Daddy at one of his treatments

He's been in and out of the hospital...


Tessa, Daddy (Papa) and Me visiting him in the hospital
Tessa and Papa snuggling
Tessa and Daddy Papa  being goofy -
through it all he has kept his sense of humor.
Papa and Samantha playing cards to pass the time

Tessa, Papa and Sean in a group hug

Tessa, Papa and Sean being goofy.
My daddy always says...
"When I stop joking, that is when you need to start worrying."

And now his home has become his hospice.

Daddy and our Chihuahua's Nikki and Nina -
He asked for me to bring them over and have them
stay here with him and I, he says they calm him down.
As I sit quietly and work on my laptop I glance over and see him staring off into the room. Some days we play backgammon, sometimes we have visitors, some days we just talk, other days the TV gives him some background noise and other days he sits with Nina in his lap.

Daddy with his
favorite little Chihuahua Nina
He is no doubt going over in his mind what he would have done differently, what he should have done, what he will miss and when he will be reunited with the love of his life.

They fell in love and never fell out

My mom passed away 12 years ago and I have missed her dearly, and the one thing that gives me comfort in all of this, is that I know without a shadow of a doubt, they will be reunited.

A collage I gave them for their 45th wedding anniversary
A few short weeks later Mom passed away

Caring for a parent is not something that you ever hope to have to do, but I am so thankful that I have this time to share with him. I feel incredibly blessed to hear the stories of his childhood, how he fell for my mom and how proud he is of me and my husband and how we raised our kids.
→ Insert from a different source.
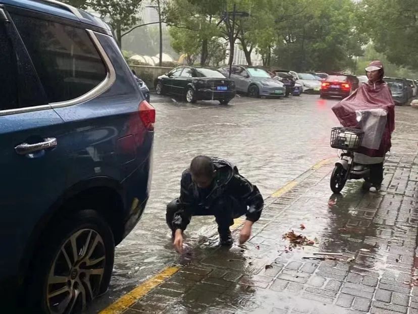 各居民区物业公司,也积极组织工作人员参与小区路面积水排出、下水道清理以及防止雨水漫进地下车库等工作,全面保障居民区群众的安全。

There is a constant stream of people coming and going. Which makes me proud to know that he loved by so many. And my kids and husband are here all of the time. I have an incredible supportive family. My husband has taken over our household while I stay here with my dad. They come over for dinner and stay with me on the weekends. They cherish every moment as do I.

Daddy and Tessa just hanging out

We celebrated Halloween together and we pray to be able to celebrate Thanksgiving with him in just a few short weeks.

Daddy and my kids Samantha, Sean and Tessa
on Halloween night

Daddy, Samantha, Sean, Me and Tessa on his lap

Daddy (trying to tell me the camera was on), Samantha, Sean,
Steven (my wonderful husband) and Tessa on her Papas lap.
As the days go by, I see him changing. Gone is the lively and constantly joking and often times gruff daddy and instead that is replaced with a frail man who sleeps more and more and gets frustrated when his days and nights get mixed up. He disease is slowly progressing, taking him over and will inevitably slip him away from us. Yet, I want to remember this time, as hard as it is to go through, I want to remember each and every moment. I feel incredibly blessed to be here with him.

I admire his bravery, his strength, his advice, his unconditional love, the years of memories behind us and the eternity ahead of him.

And no matter where he is...I will always be daddy's little girl.

I love you daddy...always and forever.